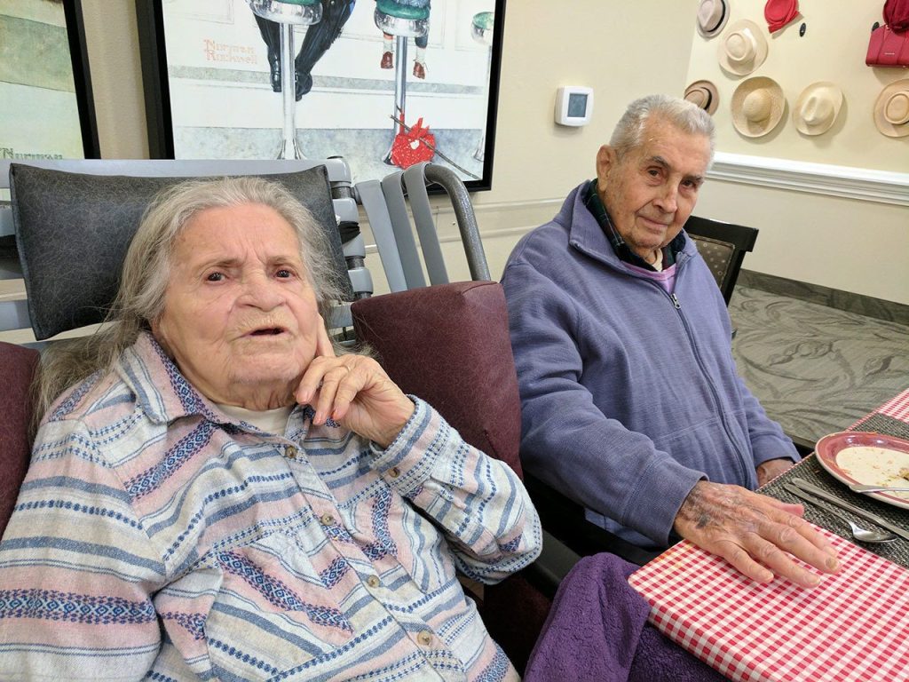On Valentine’s Day, they enjoyed a couples dinner at Aegis of Kent hosted by the facility’s enrichment team. Flowers, food and a harpist were there to entertain them for a special dinner for two.
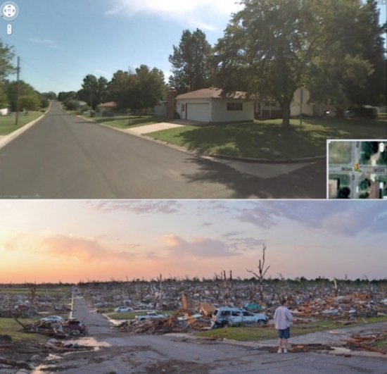 이 사진은 같은 장소를 놓고 토네이도가 일어나기 전 구글 스트리트뷰 사진과 현재 상황을 사진가인 아론 퍼만이 촬영해 비교한 것.
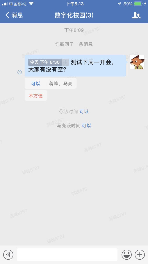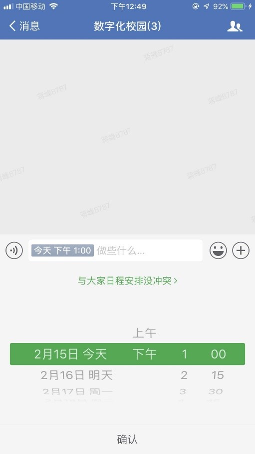 (4)“约时间”:发起一个邀约,发布邀约选择时间时,微信会自动告诉你有没有其他约时间的冲突,编辑完成,发布到群里,大家可以参与表决,如下图:
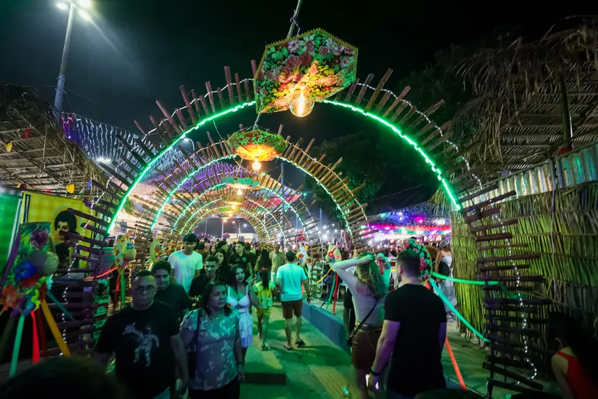 As quadrilhas juninas também são destaques na programação, com grupos folclóricos enchendo o arraial de cor, ritmo e movimento. Ritmos como carimbó, xote, boi-bumbá e outras tradições seguem vivos no evento, com forte participação da juventude local e transmissão de saberes entre gerações.
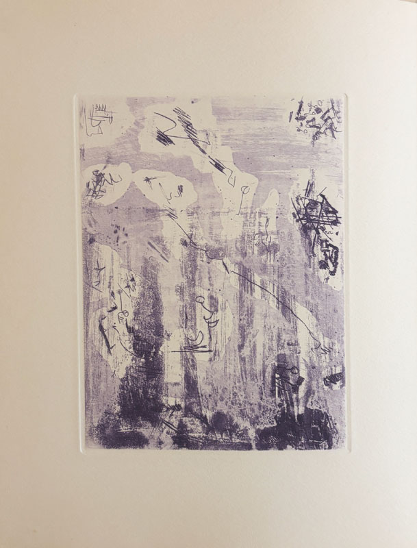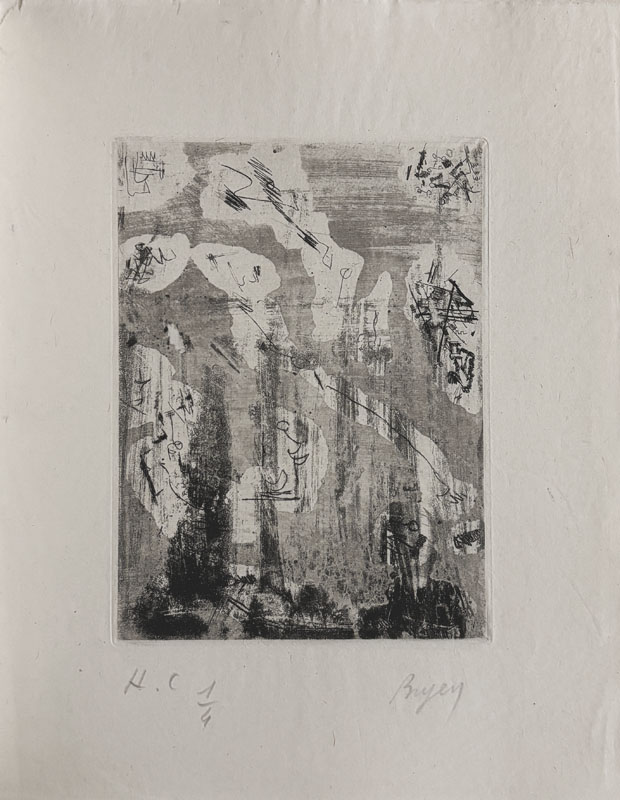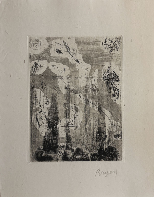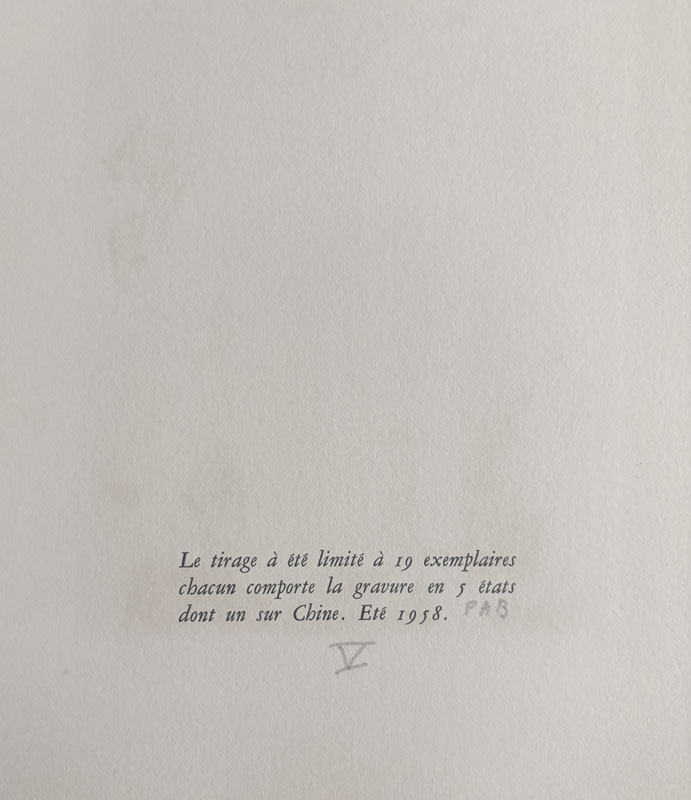 Catégorie(s) : Livres illustrésARTAUD (Antonin). BRYEN (Camille). Voici un endroit. Voici un endroit. Alès, P.A.B., été 1958, petit in-4 (25,5 x 20,8 cm), en feuilles, couverture rempliée. Édition originale tirée uniquement à 19 exemplaires num. sur vélin d’Arches (n° V), signé par l’éditeur, avec une eau-forte originale tirée en 5 épreuves en différents tons de Camille Bryen, la dernière sur papier de Chine est signée. Il a été ajouté un autre état également sur Chine et signé. 1500 € |
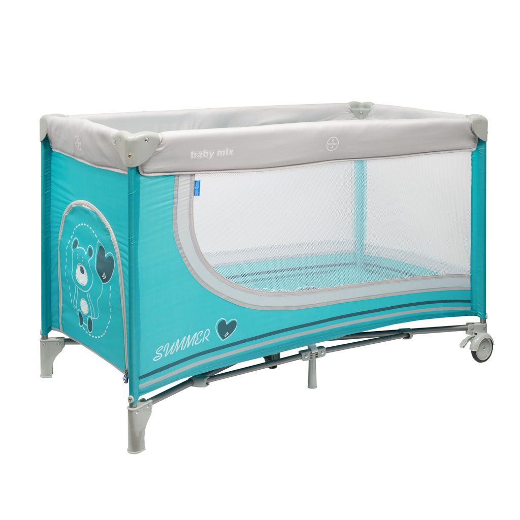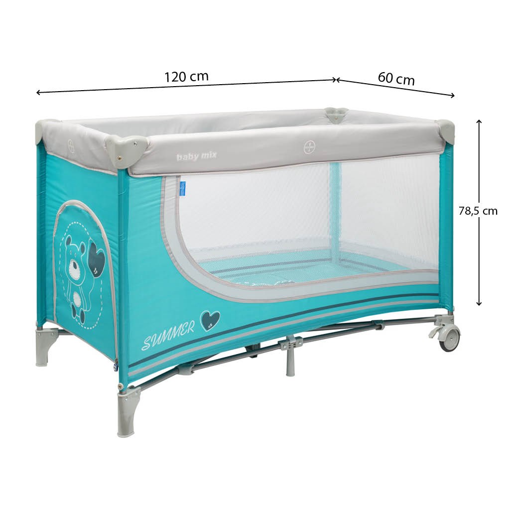 Practical portable travel cot Baby Mix serves not only as a travel cot, but also as a playpen. Enjoy time spent with your baby whenever you are on holiday or travelling. Even grandparents can enjoy the presence of their grandchildren even if they no longer have a crib. Thanks to the simple folding mechanism, the cot can be quickly and easily folded, put in the included practical bag with straps and conveniently put in the car. The cot is very lightweight and is equipped with wheels with integrated brake, so you can easily transport it to another room, balcony, terrace or garden.
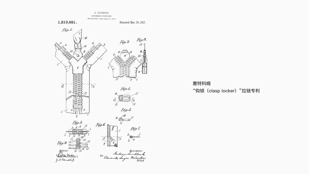 19 世紀末,在追求“效率”的工業時代背景下,拉鏈應運而生。發明家惠特科姆(Whitcomb Judson)想解決傳統的系帶式高幫靴穿脫過于繁瑣這個問題,在芝加哥世界博覽會上展示了名為鉤鎖(clasp locker)的裝置,它的核心目標很明確:用一次滑動,替代逐個系扣的繁瑣過程,節省時間。但當時這種拉鏈依賴手工制作,成本較高,且質量不夠穩定,最終因為結構缺陷及成本問題退出了市場。
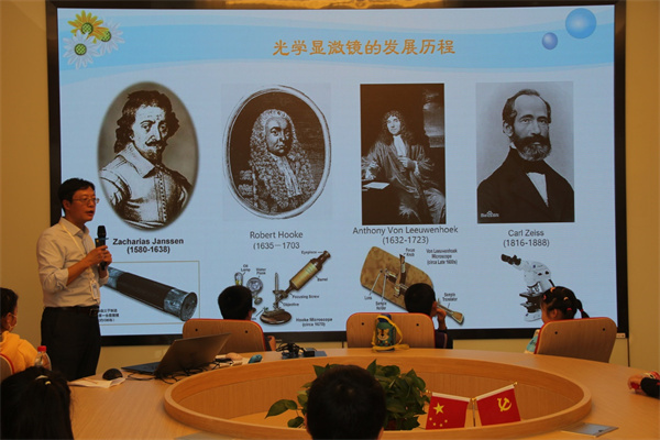 黄荣为“小学组”同学作《显微镜下的神奇微观世界》主题报告。他通过对显微镜的介绍和微观世界的展示,用生动的语言阐释显微镜的物理原理,引导孩子们思考其中的物理知识,激发孩子们探索生物世界的好奇心。
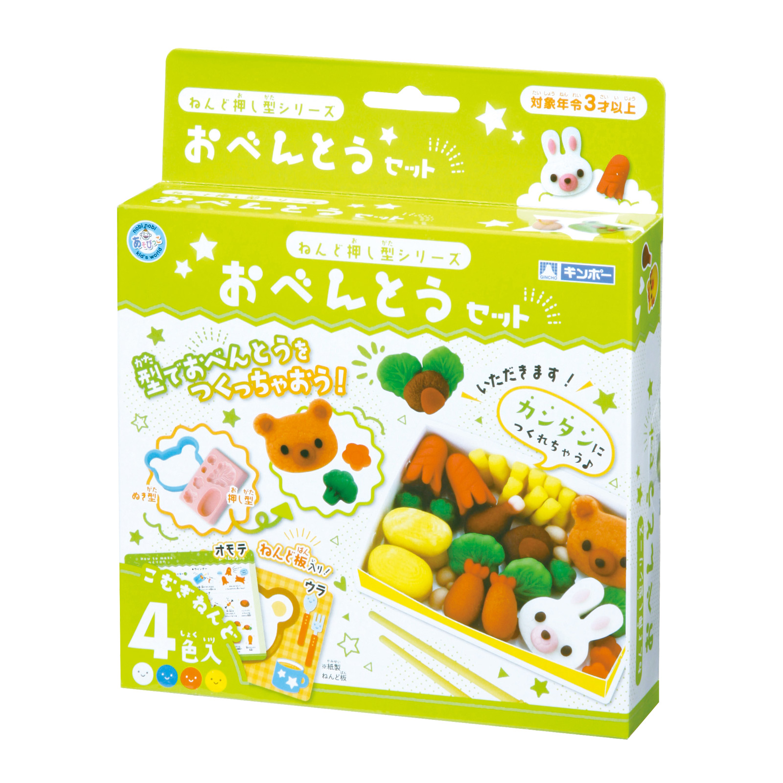 ねんどで遊んでおべんとうが作れる「ねんど押し型シリーズ おべんとうセット」がリニューアル!パッケージが新しくなって、紙製のねんど板(両面)も追加されました。紙製ねんど板(両面)オモテ面…色の作り方や道具の使い方、どうやっておべんとうを作るのかが分かりやすくまとめてあります。ウラ面…作ったおかずをお皿に並べてランチごっこができます。その他特徴こむぎ粘土4色が入っているので、すぐにねんどで遊べます。形を作ったり、ごっこ遊びしたり、色々な遊びが楽しめます。手や指先を使って遊ぶことで、手先が器用になり、集中力も養えます。道具を使って形を作ることを覚え、遊びながら発想や工夫の力を育むことができます。
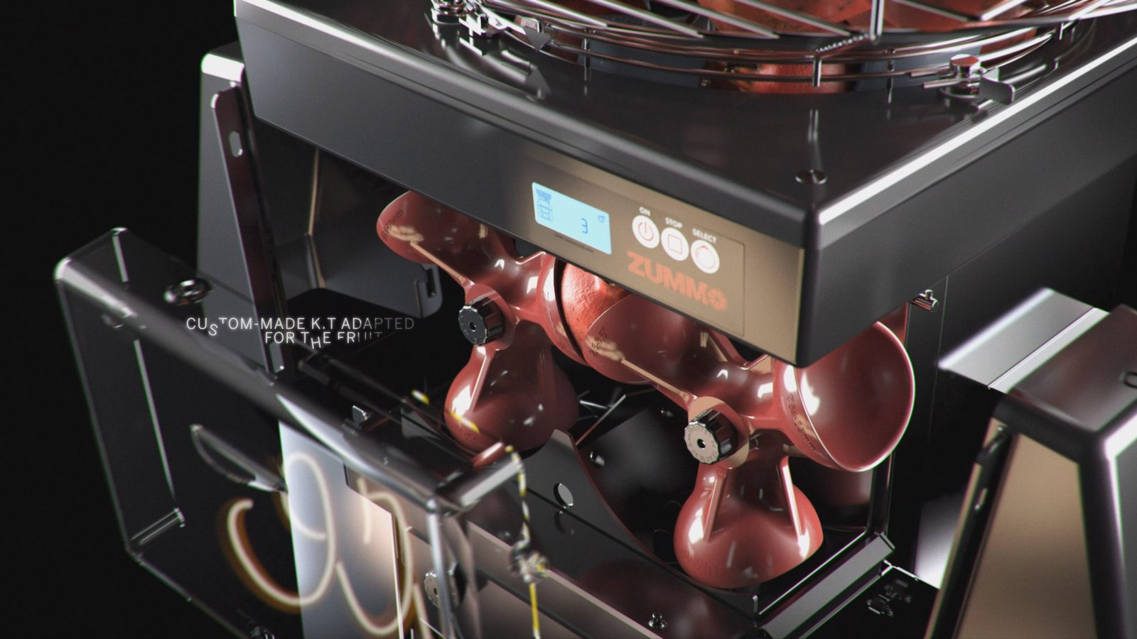 Zummo commissioned a video for a multi-fruit juicer with interchangeable parts. The film was created fully in 3D with "zero gravity" and "attraction" as core theme.
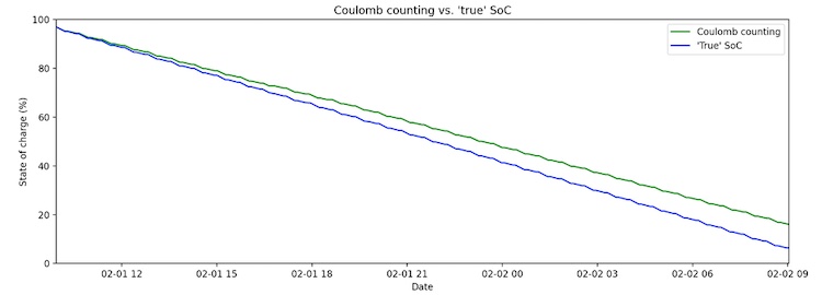 Coulomb counting can easily diverge from the true SoC between calibration points (full charge or discharge), even when the magnitude of error at each time step is very small.
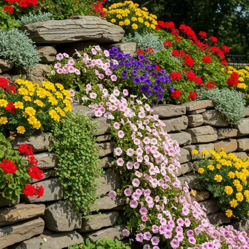 Transform challenging slopes into stunning terraced gardens by building dry-stacked stone retaining walls that create level planting areas for spectacular flower displays. These functional walls solve erosion problems while providing perfect drainage conditions that many flowering plants absolutely love. Plant cascading varieties like trailing petunias, creeping phlox, or sweet alyssum along the wall tops to soften hard stone edges with flowing color. The multiple levels create opportunities for diverse plantings, from sun-loving flowers on upper terraces to shade-tolerant plants in lower, more protected areas. Natural stone walls age beautifully, developing character as moss and small plants establish in crevices between rocks. This approach works exceptionally well for creating formal garden rooms or defining different functional areas within larger landscape designs.
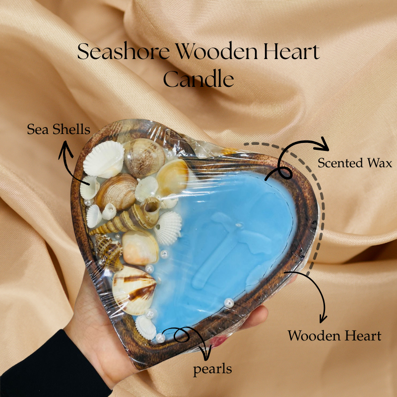 Bring the beach vibes home with our Seashore Wooden Heart Candle, handcrafted with real seashells, pearls, and soothing scented wax. Perfect for gifting, relaxation, and elegant home décor.
________
- Problem description
Exactly retype each record above, dropping images.

- Task output
On Valentine’s Day, they enjoyed a couples dinner at Aegis of Kent hosted by the facility’s enrichment team. Flowers, food and a harpist were there to entertain them for a special dinner for two.
 이 사진은 같은 장소를 놓고 토네이도가 일어나기 전 구글 스트리트뷰 사진과 현재 상황을 사진가인 아론 퍼만이 촬영해 비교한 것.
 (4)“约时间”:发起一个邀约,发布邀约选择时间时,微信会自动告诉你有没有其他约时间的冲突,编辑完成,发布到群里,大家可以参与表决,如下图:
 As quadrilhas juninas também são destaques na programação, com grupos folclóricos enchendo o arraial de cor, ritmo e movimento. Ritmos como carimbó, xote, boi-bumbá e outras tradições seguem vivos no evento, com forte participação da juventude local e transmissão de saberes entre gerações.
 Catégorie(s) : Livres illustrésARTAUD (Antonin). BRYEN (Camille). Voici un endroit. Voici un endroit. Alès, P.A.B., été 1958, petit in-4 (25,5 x 20,8 cm), en feuilles, couverture rempliée. Édition originale tirée uniquement à 19 exemplaires num. sur vélin d’Arches (n° V), signé par l’éditeur, avec une eau-forte originale tirée en 5 épreuves en différents tons de Camille Bryen, la dernière sur papier de Chine est signée. Il a été ajouté un autre état également sur Chine et signé. 1500 € |
 Practical portable travel cot Baby Mix serves not only as a travel cot, but also as a playpen. Enjoy time spent with your baby whenever you are on holiday or travelling. Even grandparents can enjoy the presence of their grandchildren even if they no longer have a crib. Thanks to the simple folding mechanism, the cot can be quickly and easily folded, put in the included practical bag with straps and conveniently put in the car. The cot is very lightweight and is equipped with wheels with integrated brake, so you can easily transport it to another room, balcony, terrace or garden.
 19 世紀末,在追求“效率”的工業時代背景下,拉鏈應運而生。發明家惠特科姆(Whitcomb Judson)想解決傳統的系帶式高幫靴穿脫過于繁瑣這個問題,在芝加哥世界博覽會上展示了名為鉤鎖(clasp locker)的裝置,它的核心目標很明確:用一次滑動,替代逐個系扣的繁瑣過程,節省時間。但當時這種拉鏈依賴手工制作,成本較高,且質量不夠穩定,最終因為結構缺陷及成本問題退出了市場。
 黄荣为“小学组”同学作《显微镜下的神奇微观世界》主题报告。他通过对显微镜的介绍和微观世界的展示,用生动的语言阐释显微镜的物理原理,引导孩子们思考其中的物理知识,激发孩子们探索生物世界的好奇心。
 ねんどで遊んでおべんとうが作れる「ねんど押し型シリーズ おべんとうセット」がリニューアル!パッケージが新しくなって、紙製のねんど板(両面)も追加されました。紙製ねんど板(両面)オモテ面…色の作り方や道具の使い方、どうやっておべんとうを作るのかが分かりやすくまとめてあります。ウラ面…作ったおかずをお皿に並べてランチごっこができます。その他特徴こむぎ粘土4色が入っているので、すぐにねんどで遊べます。形を作ったり、ごっこ遊びしたり、色々な遊びが楽しめます。手や指先を使って遊ぶことで、手先が器用になり、集中力も養えます。道具を使って形を作ることを覚え、遊びながら発想や工夫の力を育むことができます。
 Zummo commissioned a video for a multi-fruit juicer with interchangeable parts. The film was created fully in 3D with "zero gravity" and "attraction" as core theme.
 Coulomb counting can easily diverge from the true SoC between calibration points (full charge or discharge), even when the magnitude of error at each time step is very small.
 Transform challenging slopes into stunning terraced gardens by building dry-stacked stone retaining walls that create level planting areas for spectacular flower displays. These functional walls solve erosion problems while providing perfect drainage conditions that many flowering plants absolutely love. Plant cascading varieties like trailing petunias, creeping phlox, or sweet alyssum along the wall tops to soften hard stone edges with flowing color. The multiple levels create opportunities for diverse plantings, from sun-loving flowers on upper terraces to shade-tolerant plants in lower, more protected areas. Natural stone walls age beautifully, developing character as moss and small plants establish in crevices between rocks. This approach works exceptionally well for creating formal garden rooms or defining different functional areas within larger landscape designs.
 Bring the beach vibes home with our Seashore Wooden Heart Candle, handcrafted with real seashells, pearls, and soothing scented wax. Perfect for gifting, relaxation, and elegant home décor.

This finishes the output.